I’ll ignore in this post the fact that the jobs that get minimum wage are low-skill and/or entry-level jobs whose product simply isn’t worth very much money. I’ll ignore, also, the fact that very few minimum wage earners have this job as their sole source of income—it’s a second job, intended to supplement the income from the primary job.
I want, instead, to propose a wholly radical idea: how about reducing regulations, especially for small businesses (the ones hardest hit by minimum wage laws) and lowering tax rates (of which min-wage earners aren’t paying much, but which taxes contribute to the cost of the goods min-wage earners are trying to buy)? Those tax and regulatory costs drive up our (which includes min-wage earners) cost of living, as the cost of the things we buy is driven by those regulatory and tax costs of doing business.

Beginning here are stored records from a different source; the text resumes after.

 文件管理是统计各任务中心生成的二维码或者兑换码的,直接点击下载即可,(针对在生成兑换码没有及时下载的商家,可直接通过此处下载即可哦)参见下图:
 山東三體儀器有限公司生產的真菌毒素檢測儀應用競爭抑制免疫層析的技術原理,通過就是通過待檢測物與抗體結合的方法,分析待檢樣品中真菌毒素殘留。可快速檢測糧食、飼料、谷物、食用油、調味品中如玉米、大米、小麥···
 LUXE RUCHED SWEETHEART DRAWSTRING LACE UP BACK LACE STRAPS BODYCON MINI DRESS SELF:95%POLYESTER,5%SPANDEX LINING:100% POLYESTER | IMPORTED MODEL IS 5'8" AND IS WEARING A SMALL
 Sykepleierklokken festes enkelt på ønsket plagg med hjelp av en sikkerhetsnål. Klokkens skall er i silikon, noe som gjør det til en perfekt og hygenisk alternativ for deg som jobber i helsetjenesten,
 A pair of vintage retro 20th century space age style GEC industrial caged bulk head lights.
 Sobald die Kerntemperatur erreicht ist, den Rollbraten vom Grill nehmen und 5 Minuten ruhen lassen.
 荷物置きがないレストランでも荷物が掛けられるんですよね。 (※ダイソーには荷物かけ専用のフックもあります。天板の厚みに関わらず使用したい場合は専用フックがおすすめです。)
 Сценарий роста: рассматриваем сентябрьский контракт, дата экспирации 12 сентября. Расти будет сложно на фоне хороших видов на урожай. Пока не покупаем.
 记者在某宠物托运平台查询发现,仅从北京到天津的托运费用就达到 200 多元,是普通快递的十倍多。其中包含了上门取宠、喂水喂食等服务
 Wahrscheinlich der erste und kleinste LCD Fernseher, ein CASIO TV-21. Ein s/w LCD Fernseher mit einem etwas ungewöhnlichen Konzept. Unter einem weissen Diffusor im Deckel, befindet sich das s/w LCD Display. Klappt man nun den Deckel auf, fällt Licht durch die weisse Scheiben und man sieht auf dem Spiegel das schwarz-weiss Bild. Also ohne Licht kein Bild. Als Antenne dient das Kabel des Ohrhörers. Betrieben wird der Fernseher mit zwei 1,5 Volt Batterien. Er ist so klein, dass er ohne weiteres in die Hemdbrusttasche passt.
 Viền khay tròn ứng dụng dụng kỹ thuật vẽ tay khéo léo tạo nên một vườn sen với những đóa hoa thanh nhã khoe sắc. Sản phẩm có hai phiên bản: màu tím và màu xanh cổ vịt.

Here’s a brief look at (aggregated) regulation costs for small businesses. Daniel Sutter, a Professor of Economics at Troy University, had this information in a recent piece in the Troy Messenger:
…compliance [with Federal regulations] often requires spending on new equipment, signs, or other changes to workplaces. Both the Competitive Enterprise Institute and Small Business Administration estimate the cost of regulations at around $1.8 trillion. …this $1.8 trillion (largely hidden) cost of [Federal] regulatory compliance exceeds the revenue from Federal individual and corporate income taxes combined. It represents almost 12% of GDP, or nearly $15,000 per family, annually.

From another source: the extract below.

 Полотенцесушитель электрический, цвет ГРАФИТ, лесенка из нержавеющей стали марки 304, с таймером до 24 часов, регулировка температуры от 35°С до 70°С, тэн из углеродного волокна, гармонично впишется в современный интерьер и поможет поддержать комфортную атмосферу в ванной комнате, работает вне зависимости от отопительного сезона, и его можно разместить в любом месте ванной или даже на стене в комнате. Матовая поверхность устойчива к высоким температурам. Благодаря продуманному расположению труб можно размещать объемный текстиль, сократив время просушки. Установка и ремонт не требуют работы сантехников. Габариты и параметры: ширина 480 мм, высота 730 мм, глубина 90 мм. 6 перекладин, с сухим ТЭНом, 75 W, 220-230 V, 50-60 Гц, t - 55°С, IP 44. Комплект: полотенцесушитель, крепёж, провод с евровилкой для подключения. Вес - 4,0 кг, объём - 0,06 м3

There’re those $15,000, again. Also, that aggregate cost equals 10% of the current national debt.
Sutter also had this:
Automobile dealers, for example, must comply with over forty Federal regulations affecting every aspect of their business, from the showroom to the service bays.

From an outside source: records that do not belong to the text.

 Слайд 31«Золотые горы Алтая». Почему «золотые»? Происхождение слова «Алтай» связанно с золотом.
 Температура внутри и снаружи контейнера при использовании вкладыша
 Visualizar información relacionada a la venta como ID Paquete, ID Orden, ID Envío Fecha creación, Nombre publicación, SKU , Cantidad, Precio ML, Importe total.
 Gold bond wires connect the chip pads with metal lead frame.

They aren’t even allowed to run their own businesses without the Feds looking over their shoulder, telling them how to do so.
And it goes beyond compliance costs.
Regulation reduces the freedom of individuals and businesses to innovate or create new products. Regulation reduces productivity growth, ultimately reducing standards of living, and particularly burdens small businesses, which are the source of many new jobs. The greatest cost is likely the new products, services and businesses that are never created because of regulation.
Now, about those taxes….
The small business owner, rather than the business itself, typically pays the taxes on the business’ income, as that, and its costs, typically are passed through to him.
A small business might have an annual income of, oh, say, $500,000—and if it’s really successful, that’ll generate a profit of $50,000. Any salary he might take out of the business is on top of that, but let’s ignore salary and only concern ourselves with the income tax on that profit. On those $50k, he’ll pay roughly $8,400 in ordinary income tax—nearly 17% of that profit ultimately lost to the government—at 2013 single rates. At married, filing jointly, the bite will be roughly $6,600—13% of his profit lost.
Rather than raising the minimum wage, and pricing the worker out of the labor market, it’d be better to enable the existing wage to go farther by getting rid of all those Federal regulations, and their costs, and lowering tax rates.